Last Stage Of The Journey
This blog post is about the Apache Solr Learning To Rank ( LTR ) integration.
First, we modelled our dataset, collected the data and refined it, then we trained the model and analysed and evaluated the model and training set.
We are ready to rock and deploy the model and feature definitions to Solr.
I will focus in this blog post on the Apache Solr Learning To Rank (LTR) integration from Bloomberg [1].
The contribution is completed and available from Apache Solr 6.4.
This blog is heavily based on the Learning To Rank (LTR) Bloomberg contribution readme [2].
Apache Solr Learning To Rank (LTR) integration
The Apache Solr Learning To Rank (LTR) integration allows Solr to rerank the search results evaluating a provided Learning To Rank model.
The main responsibilities of the plugin are:
- storage of feature definition
- storage of models
- feature extraction and caching
- search result rerank
Features Definition
As we learnt from the previous posts, the feature vector is the mathematical representation of each document/query pair and the model will score each search result according to that vector.
Of course, we need to tell Solr how to generate the feature vector for each document in the search results.
Here comes the Feature Definition file.
A JSON array describing all the relevant features necessary to score our documents through the machine-learned LTR model.
e.g.
[{ "name": "isBook",
"class": "org.apache.solr.ltr.feature.SolrFeature",
"params":{ "fq": ["{!terms f=category}book"] }
},
{
"name": "documentRecency",
"class": "org.apache.solr.ltr.feature.SolrFeature",
"params": {
"q": "{!func}recip( ms(NOW,publish_date), 3.16e-11, 1, 1)"
}
},
{
"name" : "userTextTitleMatch",
"class" : "org.apache.solr.ltr.feature.SolrFeature",
"params" : { "q" : "{!field f=title}${user_text}" }
},
{
"name":"book_price",
"class":"org.apache.solr.ltr.feature.FieldValueFeature",
"params":{"field":"book_price"}
},
{
"name":"originalScore",
"class":"org.apache.solr.ltr.feature.OriginalScoreFeature",
"params":{}
},
{
"name" : "userFromMobile",
"class" : "org.apache.solr.ltr.feature.ValueFeature",
"params" : { "value" : "${userFromMobile:}", "required":true }
}]
| SolrFeature |
|---|
| – Query Dependent – Query Independent |
| A Solr feature is defined by a Solr query following the Solr syntax.

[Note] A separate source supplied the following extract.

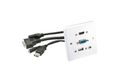 Der Befestigungsabstand der beiden Schrauben beträgt 60mm, passend für die AP-Dosen der modularen Serie mit 86x86mm Kunststoff-Abdeckplatte, weiß, ca. 86mm x 86mm x 35mm, mit 2 Befestigungsschrauben Platzbedarf an der Rückseite in der Dose ca. 30mm Tiefe HDMI Typ A Buchse zur Befestigung von HDMI-Kabeln, innen mit kurzer Kabelpeitsche mit HDMI Typ A Buchse. Mit LINDY HDMI Aktivkabeln oder Extendern/Repeatern kombinierbar für größere Distanzen VGA HD15 Buchse zur Befestigung von VGA-Kabeln, innen mit kurzer Kabelpeitsche mit HD-15 Buchse USB Typ A Buchse, innen mit kurzer Kabelpeitsche mit Typ A Buchse (Beachten Sie die maximale USB Kabel-Segmentlänge von 5m! Mit USB Aktivverlängerungen erweiterbar.) 3,5mm Audio-Stereobuchse, innen mit kurzer Kabelpeitsche mit 3,5mm Buchse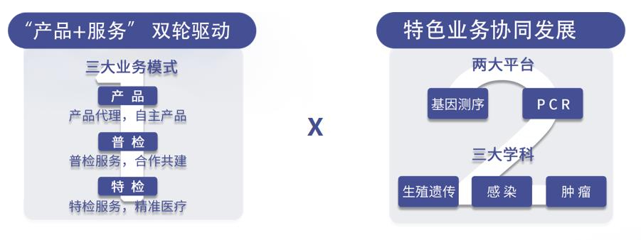 涵盖生殖遗传、肿瘤、感染领域检测服务,并参与相关普检服务。

The value of the Solr feature is calculated as the return value of the query run against the document we are scoring. This feature can depend on query time parameters or can be query-independent (see examples) |
| e.g. “params”:{“fq”: [“{!terms f=category}book”] } – Query Independent – Boolean feature If the document matches the term ‘book’ in the field ‘category’ the feature value will be 1. It is query-independent as no query param affects this calculation. “params”:{“q”: “{!func}recip( ms(NOW,publish_date), 3.16e-11, 1, 1)”} – Query Dependent – Ordinal feature The feature value will be calculated as the result of the function query, the more recent the document, the closer to 1 the value. It is query-dependent as ‘NOW’ affects the feature value. “params”:{“q”: “{!field f=title}${user_text}” } – Query Dependent – Ordinal feature The feature value will be calculated as the result of the query, the more relevant the title content for the user query, the higher the value. It is query-dependent as the ‘user_text’ query param affects the calculation. |
| FieldValueFeature |
|---|
| – Query Independent |
| A Field Value feature is defined by a Solr field. The value of the feature is calculated as the content of the field for the document we are scoring. The field must be STORED or DOC-VALUED. This feature is query-independent (see examples) |
| e.g. “params”:{“field”:”book_price”} – Query Independent – Ordinal feature The value of the feature will be the content of the ‘book_price’ field for a given document. It is query-independent as no query param affects this calculation. |
| ValueFeature |
|---|
| – Query Level – Constant |
| A Value feature is defined by a constant or an external query parameter. The value of the feature is calculated as the value passed in the solr request as an efi(External Feature Information) parameter or as a constant. This feature depends only on the param configured( see examples) |
| e.g. “params” : { “value” : “${user_from_mobile:}”, “required”:false } – Query Level – Boolean feature The user will pass the ‘userFromMobile’ request param as an efi The value of the feature will be the value of the parameter The default value will be assigned if the parameter is missing in the request If it is required an exception will be thrown if the parameter is missing in the request“params” : { “value” : “5“, “required”:false } – Constant – Ordinal feature The feature value will be calculated as the constant value of ‘5’.Except for the constant, nothing affects the calculation. |
| OriginalScoreFeature |
|---|
| – Query Dependent |
| An Original Score feature is defined with no additional parameters. The value of the feature is calculated as the original Lucene score of the document given the input query. This feature depends on query time parameters ( see examples) |
| e.g. “params”:{} — Query Dependent — Ordinal feature The feature value will be the original Lucene score given the input query. It is query-dependent as the entire input query affects this calculation. |
EFI ( External Feature Information )
As you noticed in the feature definition JSON, external request parameters can affect the feature extraction calculation.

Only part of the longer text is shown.